When you must combine two or more third-party class hierarchies, each of which requires that objects be derived from the hierarchy's own Base class, then lacking multiple inheritance will make your code complex and fiddly.

namespace Object_Database {
    class Object {
      public:
        virtual void store() ;
        virtual void fetch() ;
    };
}

namespace Reflectives {
    class Object {
      public:
        virtual std::vector<std::string> > membernames();
        virtual std::vector<std::string> > methodnames();
    };
}

The first hierarchy lets users create objects which can be serialized to and from an object database, and requires that all such objects be derived from class Object_Database::Object. The second hierarchy lets users create objects which can be queried at runtime for the names of their members, and requires that all such objects be derived from Reflectives::Object.

If you require objects that can do both, you just need to write:

  class ReflectivePickle : 
  public Object_Database::Object, 
  public Reflectives::Object {
    // ...
  };

The other solutions are unreasonable.

If you want to see a beautiful implementation of Multiple Inheritance check out Eiffel. They solve the diamond problem through feature renaming, far simpler than scope resolution and it even supports direct repeated inheritance such that:

A inherit B, B, B

when the need arises to use this type of inheritance.

Their Kernel library is open source and multiple inheritance is used extensively if you would like to see examples.

http://sourceforge.net/projects/eiffelstudio/files/

Multiple inheritance is useful if you need to inherit behavior, not just contract. However, as other languages demonstrate, multiple inheritance is not the only way to solve that problem, at the expense of making your inheritance tree deeper.
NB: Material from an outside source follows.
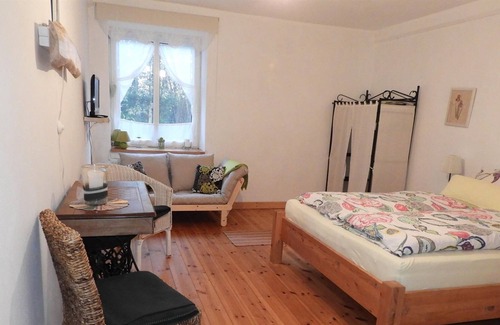 Welcome to the rural holiday on the Rossenhof Four guest rooms, each with its own bathroom, and a communal kitchen developed in 2013 on our farm. Everything is barrier-free, a room is also wheelchair accessible. We can rent each of the four rooms individually, there are three double rooms and one twin room, two of the rooms are also very suitable for single travelers. There is also the possibility to rent the whole apartment. We offer breakfast, in the communal kitchen you can also cook yourself. On some days we organize communal cooking days, mostly with regional dishes. A stove witch in the living area provides a cozy atmosphere. Our farm is in a secluded location, very quiet in the midst of fields and meadows. A small forest and many hedges surround it protectively. You can relax here, start cycling and walking tours, take trips to Flensburg and many other interesting places and reach the North and Baltic Sea quickly. You have numerous opportunities to be active and creative here on the farm. Throughout the year and often independent of the weather our theme days, which deal with the country life, take place. Our large plant hall and a workshop make this possible. Pets are bookable for 5 € / day.

As such, scenarios where you must and may only use multiple inheritance would be pretty rare.

When you want to inherit functionality rather than role, case in point boost::noncopyable (other languages that support this (unlike Java and C#) call this a mixin).

I tend to use multiple inheritance in C++ when the base classes are "interface classes", i.e. base classes where all methods are pure virtual, none have implementations [remember you can still define an implementation, but you have to invoke it explicitly], and there are no data members. Very similar to "interfaces" in Java or (from what I hear) C#.

To use polymorphism in C++, you can't use composition, you have to use (public) inheritance.

So if class Bar inherits (publicly) from Printable and Serializable, I can treat the object like a printable object, a serializable object, or a Bar object (using pointers or references).

With composition, you can't do that.

I'd read up on Java Interfaces, and so on, to get a better idea as to the answer to this question. The idea behind an Interface is to create an abstract class that acts as a template for another class. the advantage, here, is that the templates can be combined within a concrete class. For example-

Parent class- FoodStore Subclass- CoffeeShop Subclass- Bakery

With this inheritance tree, a FoodStore can be a Bakery or a CoffeeShop but not both. But then what would we call a Starbucks?

Better way, IMO-

Parent Class- FoodStore Interface- CoffeeShop Interface- Bakery

public class Starbucks extends FoodStore implements CoffeeShop, Bakery { ... }

You'll have to know a bit of Java to understand that, but have at it. Interfaces are fairly elementary, IMO.

As a further musing, perhaps Interfaces are designed to obey "Don't repeat yourself." Obvious, now that I mention it.